Leandro Denis "Tati" Mercado (born 15 February 1992) is a motorcycle racer from Argentina who competed in the 2022 Superbike World Championship aboard a Honda CBR1000RR for Team MIE Racing. He is best known for winning the National title of the AMA Supersport Championship in 2009 and the FIM Superstock 1000 Cup in 2014.

Career

Junior career
After finishing third in the Red Bull AMA Rookies Cup in 2008, the following year Mercado achieved the same result in the East division of the AMA Supersport Championship and won the National title in the Shootout race held in Daytona.
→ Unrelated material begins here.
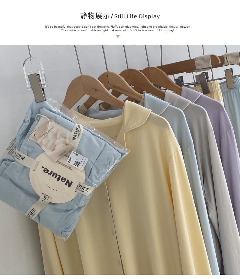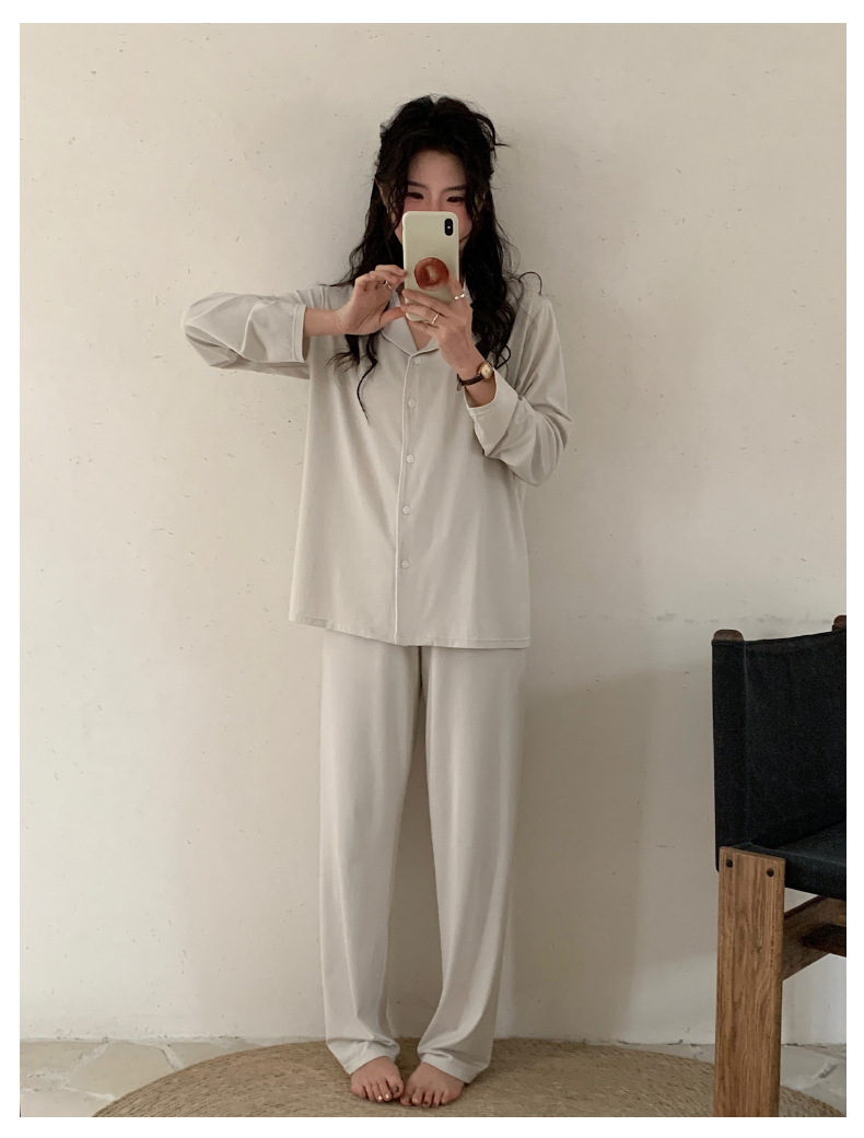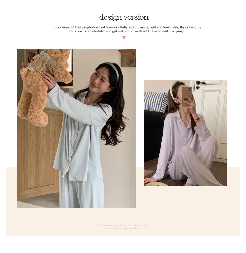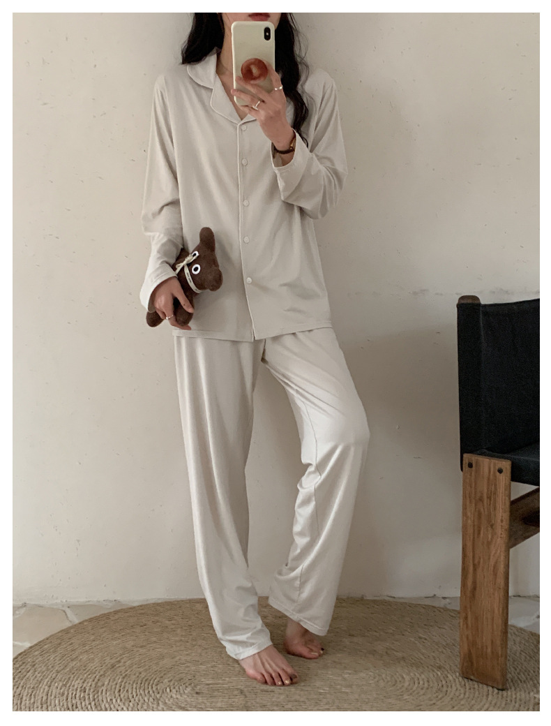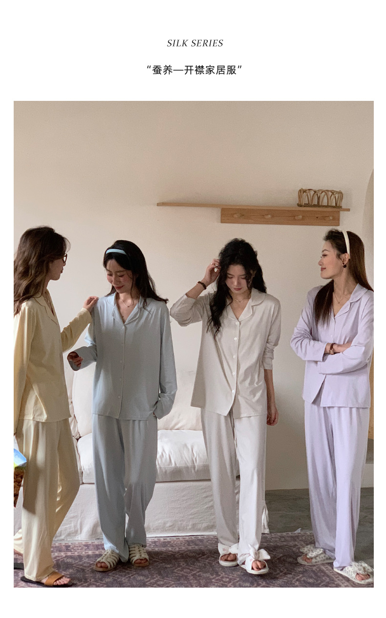 모리 아일랜드 실크 홈웨어 여성의 봄과 여름 2025 새로운 버튼 긴 소매 파자마 솔리드 컬러 외부 착용 느슨한 세트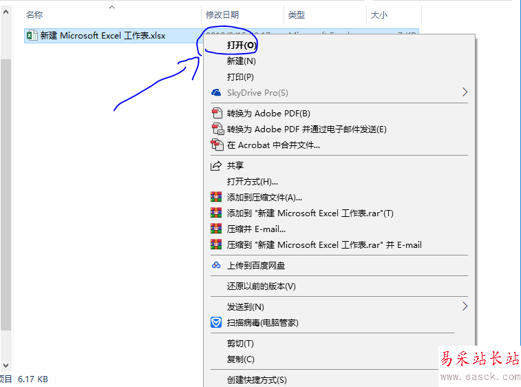 2、鼠標右鍵單擊Excel圖標,然后在右鍵菜單中選擇打開命令。

In 2010 he was seventh in the CIV Stock 600 Championship and contested three races of the European Superstock 600 Championship on a Kawasaki ZX-6R, while in 2011 he finished sixth in the CIV Stock 1000 Championship and sixteenth in the FIM Superstock 1000 Cup on a Kawasaki ZX-10R.

Superstock and Superbike World Championship
In 2012 Mercado raced in the Superbike World Championship for eight rounds in the first half of the season, before moving back to the FIM Superstock 1000 Cup. He was twenty-sixth and fifteenth respectively in the standings. For the following two seasons, he continued competing in the Superstock category, finishing fourth in 2013 with Kawasaki machinery, and winning the 2014 title on a Ducati 1199. 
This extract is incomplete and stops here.